RECORDED INFORMATION:
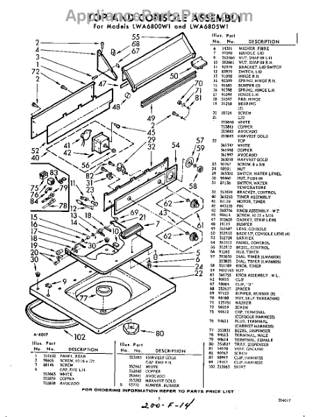 Parts for Whirlpool LWA6800W1: 05 - Top And Console Parts
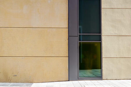 Huge wall on modern building with two windows and lines. Reflections in windows. Copy space
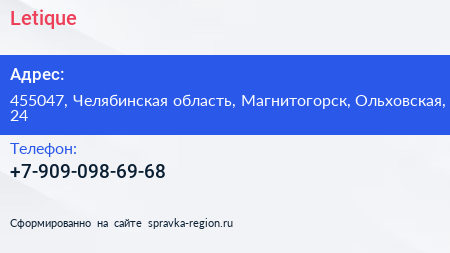 Letique по адресу 455047, Челябинская область, Магнитогорск, Ольховская, 24 в дальнейшем Организация, размещена в следующих категориях:
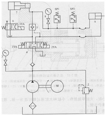 1-定量液壓泵; 2-溢流閥;3、8-壓力表及其開關(guān);4-一位四通電磁換向閥;5-液控單向閥;6–二位四通電磁換向閥;7-增壓器;9-動(dòng)力液壓缸, SP1、SP2-壓力繼電器

EXERCISE:
Nothing but the lines from the line with "Huge wall on" through the last line of the listing above should be repeated, and pictures should be left out.

ANSWER BELOW:
 Huge wall on modern building with two windows and lines. Reflections in windows. Copy space
 Letique по адресу 455047, Челябинская область, Магнитогорск, Ольховская, 24 в дальнейшем Организация, размещена в следующих категориях:
 1-定量液壓泵; 2-溢流閥;3、8-壓力表及其開關(guān);4-一位四通電磁換向閥;5-液控單向閥;6–二位四通電磁換向閥;7-增壓器;9-動(dòng)力液壓缸, SP1、SP2-壓力繼電器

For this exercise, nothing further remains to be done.